Just me but if anyone wants a 100 % stock looking set up for their pre 72s .
Leave it stock.
Nothing at all bad with the points distributor if they are in decent condition.
They will rev to 5,500 or more if you have a good points set.
No more miles than most of our cars are ran a set will last a long time.
My old 67 is far from original so going with the pertronix was no big deal.
I do though still carry the points plate set and condenser, ballast is still on the Fire wall. :lol: just in case.
 
Just me but if anyone wants a 100 % stock looking set up for their pre 72s .
Leave it stock.
Nothing at all bad with the points distributor if they are in decent condition.
They will rev to 5,500 or more if you have a good points set.
No more miles than most of our cars are ran a set will last a long time.
My old 67 is far from original so going with the pertronix was no big deal.
I do though still carry the points plate set and condenser, ballast is still on the Fire wall. :lol: just in case.
I mostly agree but I'd suggest seeking out vintage points and condensers, especially condensers...
 
That sounds like heat soak to the coil OR maybe the Orange Box. Where is the Box mounted?
On the fire wall.

20240125_115147.jpg
 
Everyone talks about going the Pertronix route, but that is not a plug and play with the stock chrysler ignition system. Plus with all the bypassing, etc, it will not look stock.
For the modified car folks, that it fine, but what about us folks who want to look as stock as possible? (We hide the orange box)
What can WE do?
I have the original ignition system in my 70 Challenger R/T with that ignition retard module on the distributor that does not work right and the car runs like crap!
I keep getting different opinions on what to do from many Mopar guys.
What can I do that will look as stock as possible?
My old Orange boxes on other cars work beautifully for decades, but I hear from many people that the new ones made overseas in the Orient somewhere suck and keep failing.
HELP
All I know is I bought a pertronix pick up to replace the points, Good plug wires and a flame thrower coil.

Put it on my 66 mustang.

100K miles and 20 years later and it hasn't missed a beat!
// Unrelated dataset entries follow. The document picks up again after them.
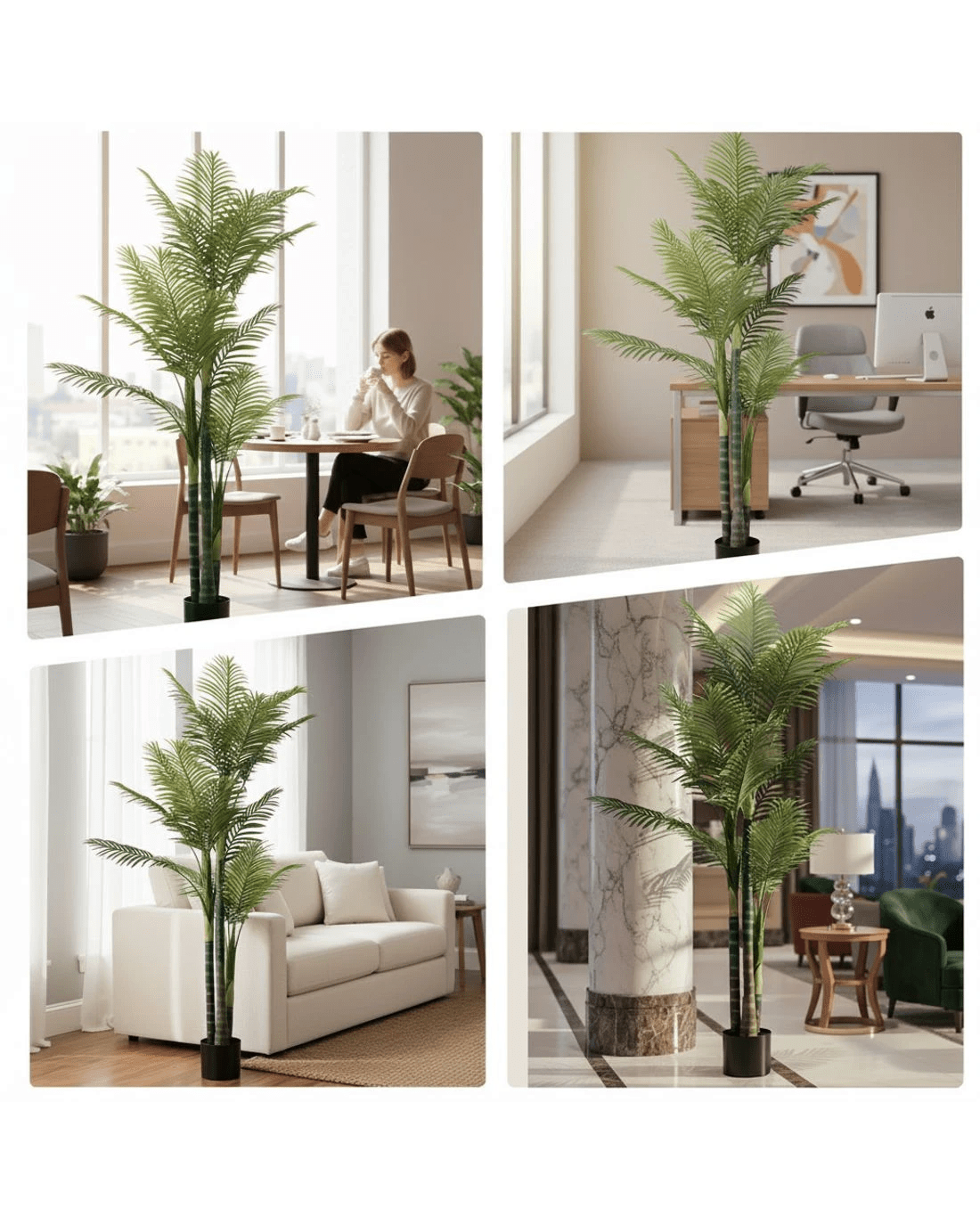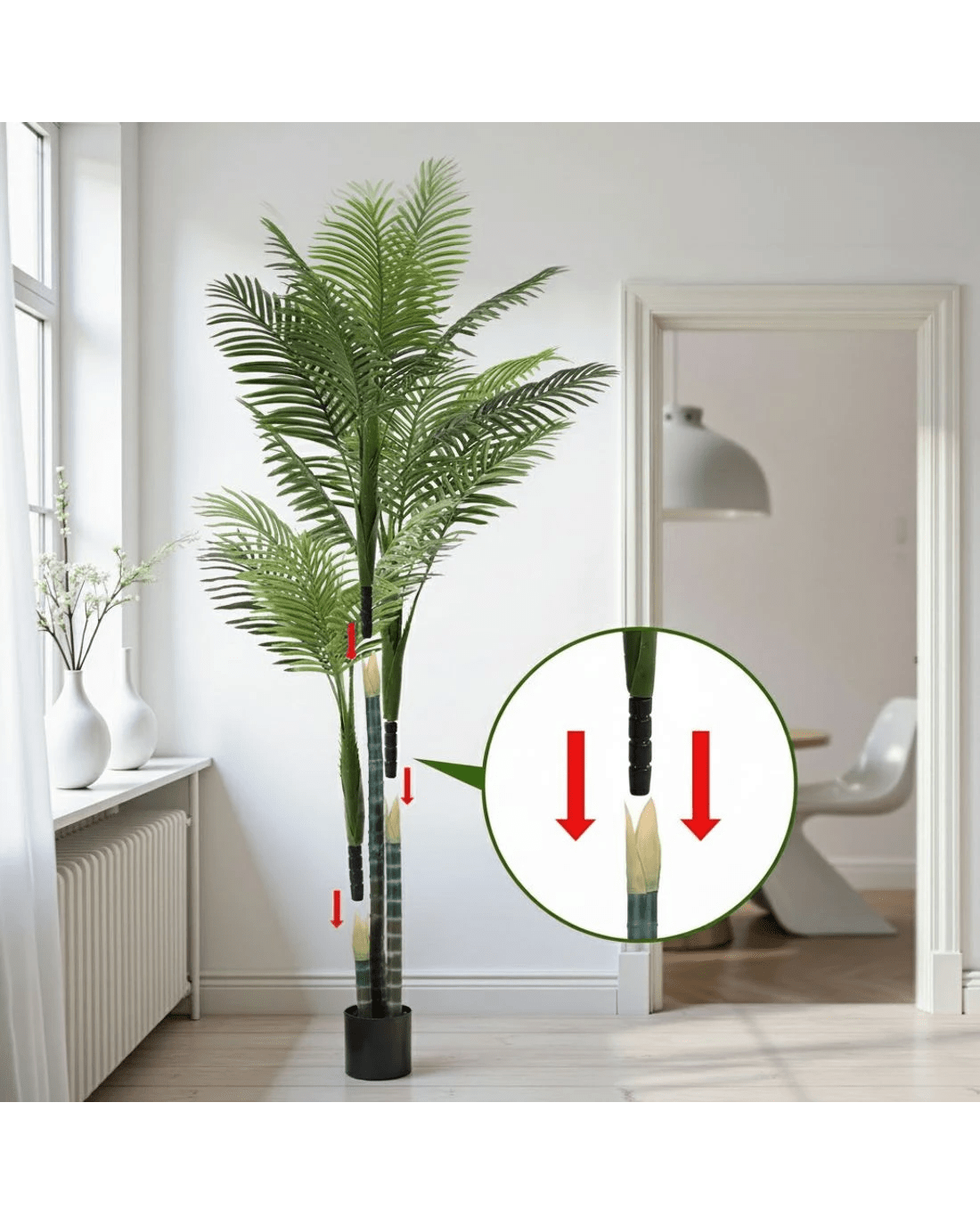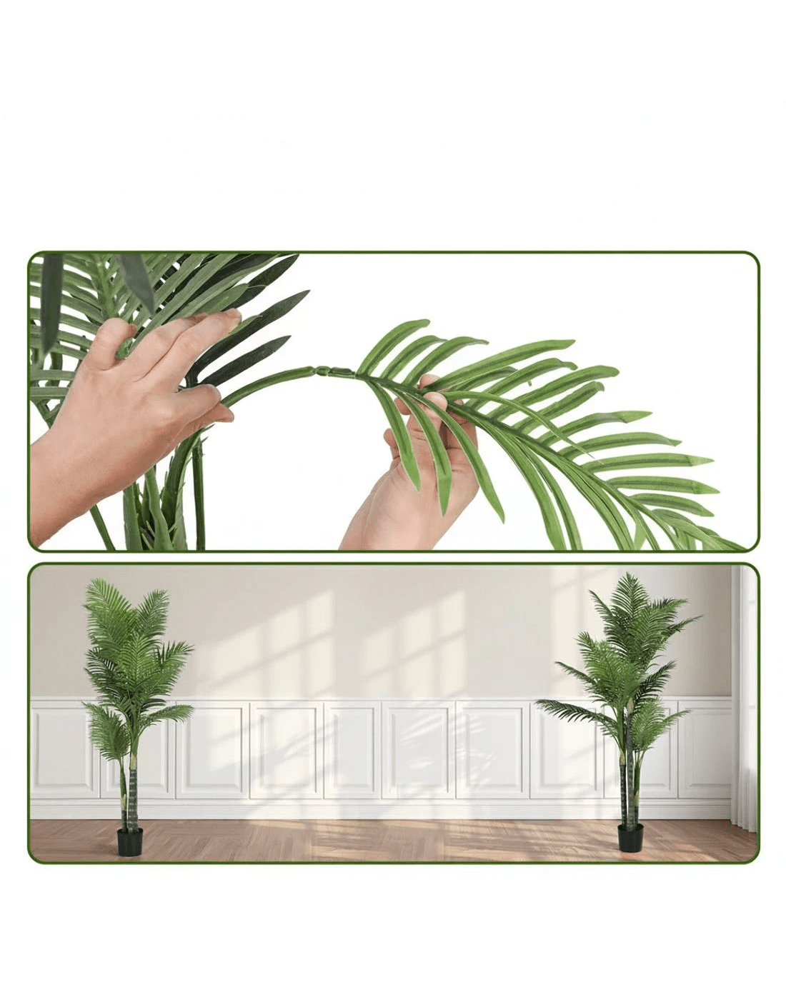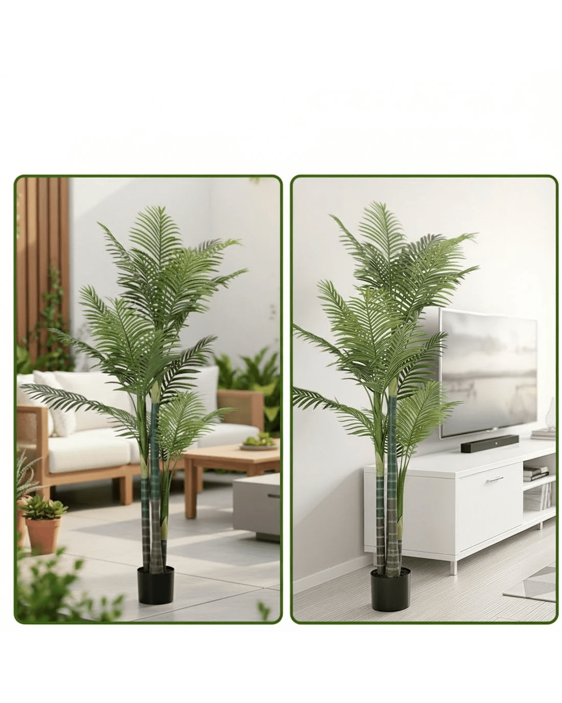 Instantly transform your space into a calming, tropical sanctuary with this lifelike artificial palm tree. Expertly crafted with stunning attention to detail, its lush foliage and realistic trunk mimic the natural beauty of an exotic palm. Enjoy the vibrant look of an indoor/outdoor feature with zero maintenance. The leaves feature a UV-resistant coating, ensuring the rich colour remains fade-free under the harsh Australian sun. Forget watering or trimming—this piece is built for effortless living. Designed for stability, the tree uses durable, non-toxic materials and comes pre-potted in a stable, weighted pot base. Simply wipe the foliage clean to maintain its pristine, year-round elegance.
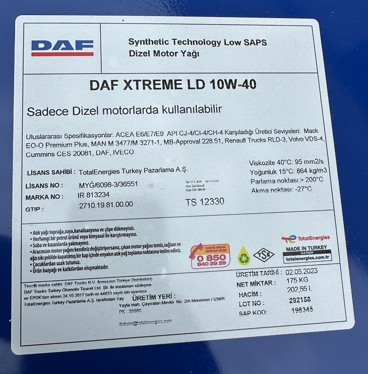 198345 DAF Xtreme LD Моторное масло 10w-40 (бочка 202л)
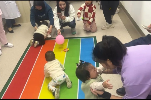 活动还设置了宝宝爬行比赛等亲子互动环节,在医护人员的指导下,家长们和宝宝一起进行了温馨的亲子游戏,增进了亲子之间的感情。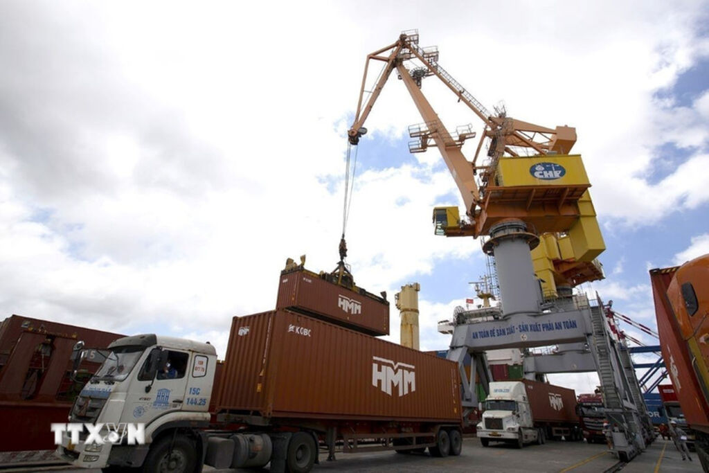 | Bốc dỡ hàng xuất khẩu tại cảng Tân Vũ, Hải Phòng. |

Don't know about Pertronix products today.
 
There's a reason parts stores stock tons of replacement HEI modules. And it ain't cuz chrysler guys are wanting them :rofl: :rofl:
 
UPDATE:
2 HOURS LATER CAR FIRED RIGHT UP!!

GOTTA BE A HEAT situation BREAKDOWN WITH THE IGNOTION.
Positive had NO spark but had GOOD fuel 2 hours ago.
The most common reason for your issue is the piss-poor case ground on your orange box. I've only had one fail and it was because of a bad ground. What happens is the box will get hot and open up the transistor inside the box. When it cools down the transistor heals itself up. I always verify less than .03 ohms between Neg post and the case. My 78 440 powered truck has over a half million miles with the same ECU. Had the plate coil fail once along with a couple of ballast resistors but not the ECU. I'll bet yours has a high reading.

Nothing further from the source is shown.